= INSTRUCTIONS TO FOLLOW =
Write out the line that holds "Roupeiro Casal Meridian" together with every line that follows it to the end of the material below, exactly. Omit the pictures.

= MATERIAL PROVIDED =
━━━━━━━━━━━━━━━━━━━━━━━━━━━━━━

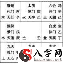 (3)日干为求测人,与日干相配之干为配偶。日干宫与日干相配之干相生相克、比和,又乘福星、吉门、吉神、吉格的也为配合默契。凡日干与日干相配之干处衰病亡墓绝地求生,带凶煞、凶门、凶煞、凶格,或相冲克或带刑的,尤其是有伤门,夫妻感情不融治或有分歧。(4)配偶彼此出生年的天干地支即年命,彼此年命落宫相生相克、比和则夫妻幸福,白头到老,相反则夫妻感情不和睦。例:女求测与老公的关联。
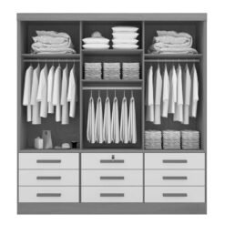 Roupeiro Casal Meridian Plus Branco 3 Portas 9 Gavetas C/ 1 Espelho Larg. 2.00m – D Doro
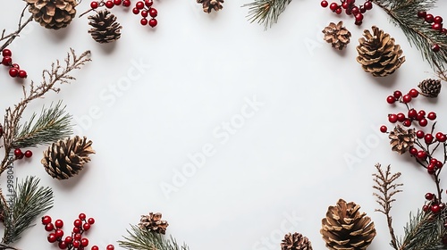 Wreath made of pinecones and berries on a blank white canvas

━━━━━━━━━━━━━━━━━━━━━━━━━━━━━━

= SOLUTION =
 Roupeiro Casal Meridian Plus Branco 3 Portas 9 Gavetas C/ 1 Espelho Larg. 2.00m – D Doro
 Wreath made of pinecones and berries on a blank white canvas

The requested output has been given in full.